Menurut Tuti, harga jengkol meroket. Dari biasanya antara Rp 18 ribu hingga Rp 20 ribu per kilogram (kg) menjadi Rp 35 ribu per kg. Sementara harga ayam potong per kg hanya Rp 30 ribu.
"Kalau Rp 35 ribu mana sanggup saya beli, padahal banyak yang menanyakan jengkol. Tapi saya tidak kuat belinya," kata dia. Karena tak sanggup membeli jengkol, dia mengeluh selama tiga hari terakhir ini ia tidak dapat menyajikan hidangan semur jengkol kepada pelanggannya.
Tuti yang sudah berjualan warteg sejak 2003 ini biasa membeli jengkol atas permintaan pelanggannya. Untuk berbelanja kebutuhan warteg ia belanja di Pasar Jambu Dua. Sehari ia biasa membeli dua kilogram.

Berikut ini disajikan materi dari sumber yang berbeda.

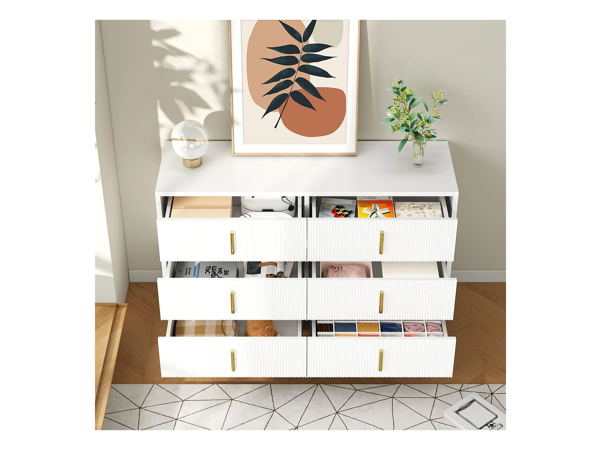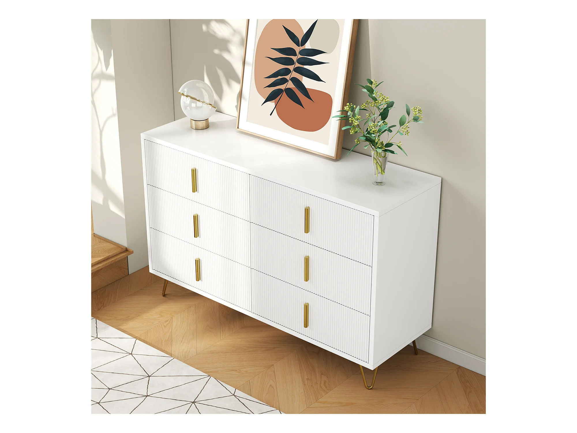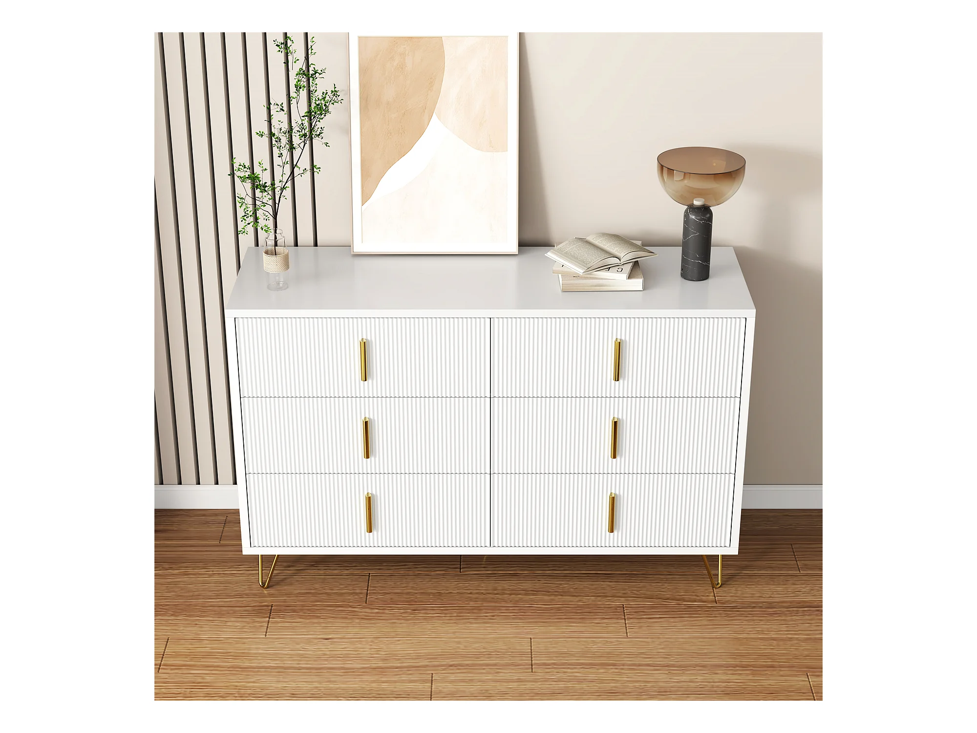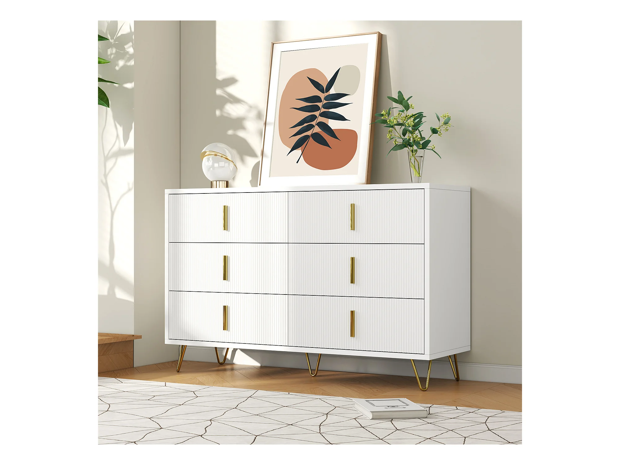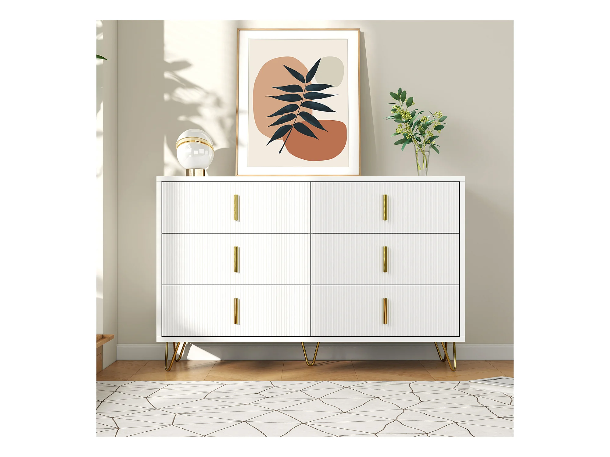 Commode avec 6 tiroirs - 120 x 44x 77 cm - Panneaux de particules et pièds en métal doré - Blanc
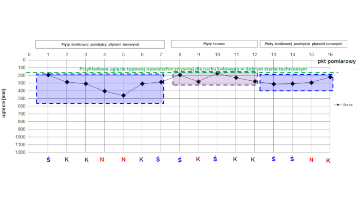 Obserwując tak duże ugięcia, należy podkreślić, że znacząco przekraczają ugięcia typowych nawierzchni. Co za tym idzie prawdopodobnie wzdłuż krawędzi płyty powodują bardzo duże naprężenia w macie wibroizolacyjnej. Mata ta, będąc elastycznym materiałem, może ulegać trwałym deformacjom. Czego skutkiem może być dalsza degradacja nawierzchni, prawdopodobnie obserwowana w przypadku torowiska w lokalizacji E.

Menurut ibu satu anak tersebut, dikutip brilio.net dari Antara, jika ia membeli jengkol dua kg seharga Rp 70 ribu, ia tidak mendapatkan keuntungan dan sulit untuk menjual. Karena, pelanggannya hanya buruh kerja dan ibu rumah tangga yang kebanyakan membeli seharga Rp 3.000 sampai Rp 5.000 per porsi.
"Kalau harganya Rp 35 ribu per kg, saya mau jual berapa. Kalau yang beli cuma Rp 3.000 berat saya ngasihnya berapa biji, kalau beli Rp 5.000 paling saya cuma bisa kasih empat biji, itu pun banyak yang protes," katanya.
Ia mengatakan, memasak jengkol merupakan hidangan yang banyak dipesan oleh pelanggannya. Tetapi sudah tiga hari ini ia tidak bisa menyediakan jengkol karena harganya yang lebih mahal dari harga ayam potong.
"Saya juga tidak tahu kenapa harganya mahal, apa karena pengaruh hujan, atau memang lagi sedikit produksinya," kata dia.